An alternative to the algorithm in the previous section is to simulate many rolls of the dice, store those results, and then analyze the rolls to determine which games were won or lost. With this approach, you call the RollDice module with an argument that is large enough to complete the desired number of games. (Again, the potential problem is that it might not be obvious how many rolls are sufficient.) The following statements use this approach:

/* simulate the game of craps: second approach
   More efficient: one call to the random number routine*/
call randseed(54321);
NumGames = 1e5;
N = 4*NumGames;                   /* 1. Determine number of rolls  */
rolls = RollDice(N);
                                  /* 2. Allocate results vectors   */
Results = j(NumGames, 1, 0);      /* win/loss status of each game  */
rollsInGame = j(NumGames, 1, 1);  /* how many rolls in each game?  */
Points      = j(NumGames, 1, .);  /* "point" for each game?        */
howEnded = j(NumGames, 1, "       "); /* "natural", "craps", ...   */
rollIdx = 1;
do i = 1 to NumGames;
   count = 1;
   roll = rolls[rollIdx];         /* 3. Keep track of current roll */
   if roll=7 | roll=11 then do;
      game = 1;                   /* won by a "natural"            */
      howEnded[i] = "natural";
   end;
   else if roll=2 | roll=3 | roll=12 then do;
      game = 0;                   /* lost (rolled "craps")         */
      howEnded[i] = "craps";
   end;
   else do;
      game = .;                   /* game is not yet determined    */
      thePoint = roll;            /* establish the point           */
      do while (game = .);        /* keep rolling                  */
         rollIdx = rollIdx + 1;   /* examine next roll             */
         roll = rolls[rollIdx];
         if roll = 7 then
            game = 0;             /* roll seven?
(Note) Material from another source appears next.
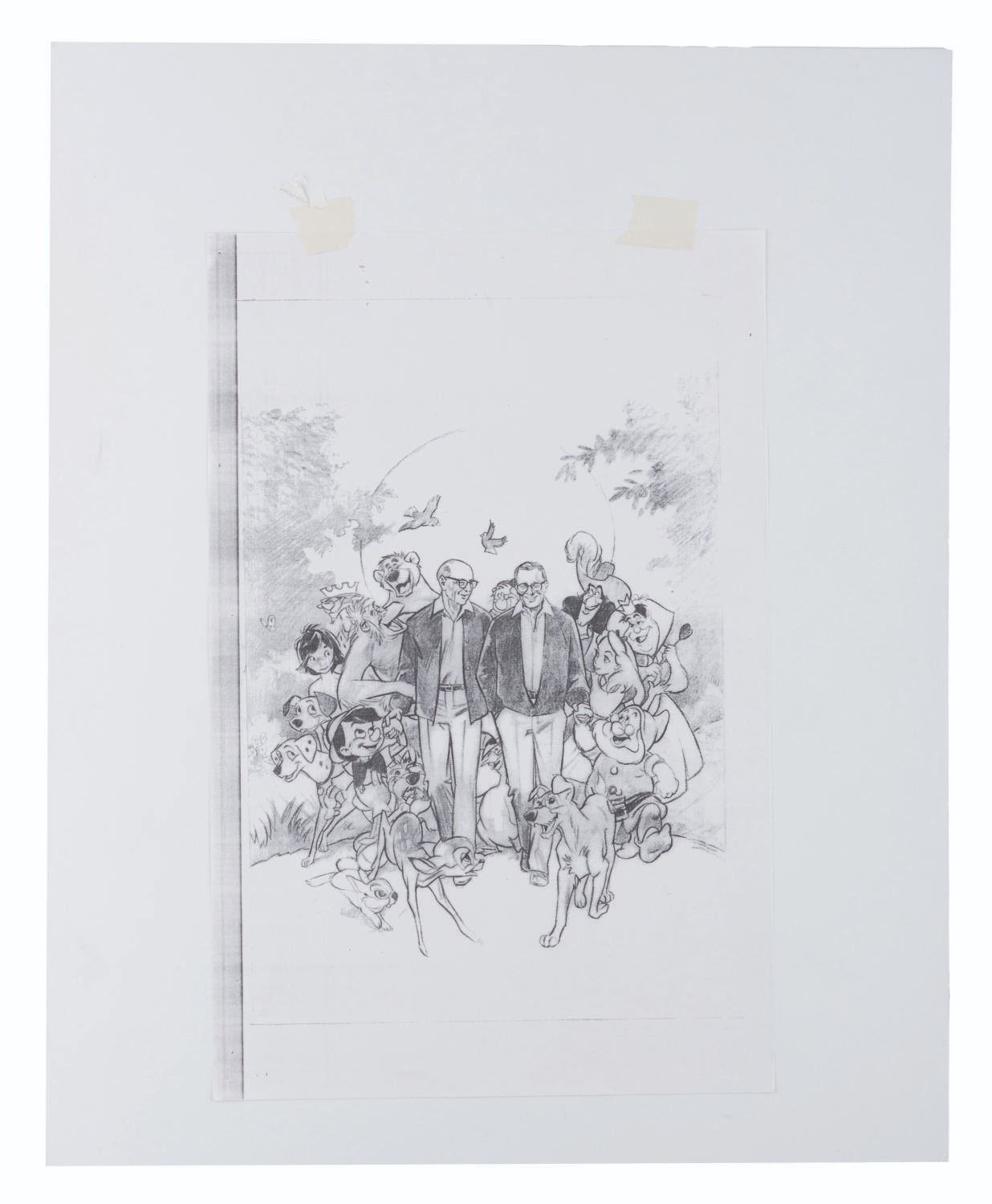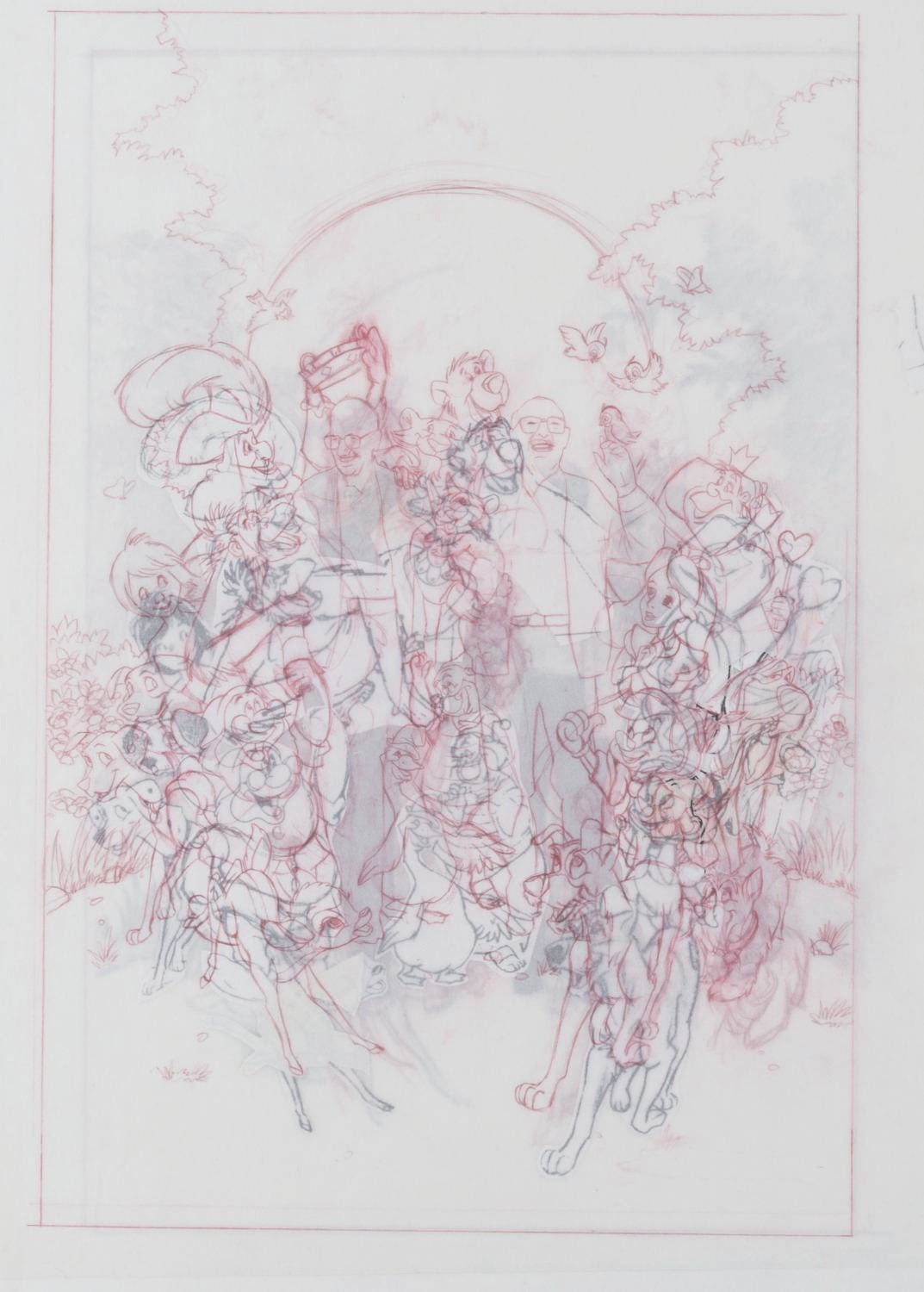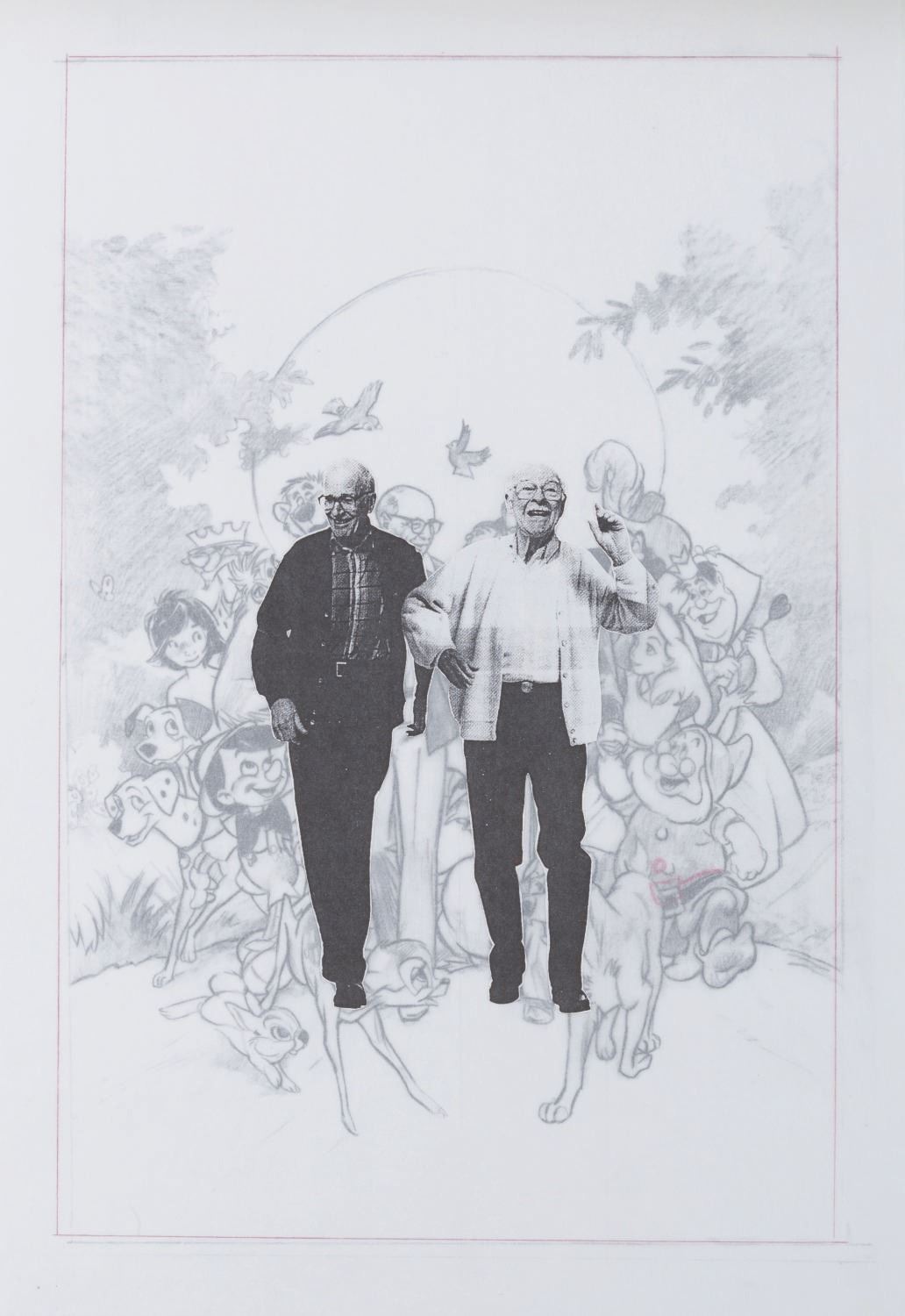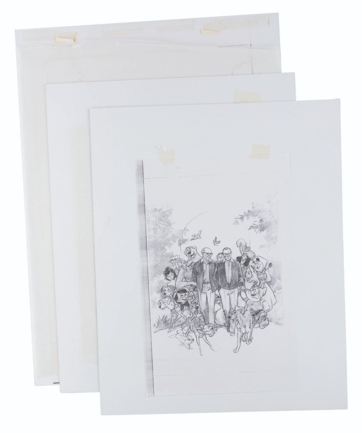 (Disney, 1995) Three printed poster development concepts for the documentary "Frank and Ollie" on the life and careers of Disney Legends Frank Thomas and Ollie Johnston, directed by Frank's son Theodore. The concepts feature hand-drawn Disney characters surrounding their animators, accomplished in red colored pencil on four layers of vellum. With image sizes ranging from 9.5" x 11.5" to 15" x 19" adhered to boards from 18" x 22" to 19" x 26", the drawings and printed concepts are in good condition with tears up to 3" long in the vellum and edge wear from production use.

Lost!             */
         else if roll = thePoint then
            game = 1;             /* make the point? Won!          */
         count = count + 1;
      end;
      Points[i] = thePoint;       /* 4. Record results (won/lost)  */
      howEnded[i] = choose(game,"point-Won","point-Lost");
   end;
   Results[i] = game;
   rollsInGame[i] = count;
   rollIdx = rollIdx + 1;
end;

The revised program is about 40% faster than the previous approach. The algorithm in this section has a few differences from the previous algorithm:

  1. How can you determine how many rolls you will need for the simulation? You can either use probability theory or you can simulate a small number of games using the algorithm in the previous section and estimate the average number of rolls per game. In either case, you can determine that the expected number of rolls per game is about 3.37. To be on the safe side, round this up to 4 and estimate that 4*NumGames rolls is sufficient to simulate the requested number of games.

  2. Allocate vectors to hold the results. This is done outside of the main loop. In addition to keeping track of the wins and losses, this program also counts how many rolls were required to determine the game (in the vector rollsInGame), what the "point" (if any) was for each game (in Points), and whether the game was determined by rolling a natural, craps, winning a point, or losing a point (in howEnded).

  3. Use the integer rollIdx to keep track of the current roll.

  4. Every time that a game is determined, the various results for that game are recorded in the relevant vectors.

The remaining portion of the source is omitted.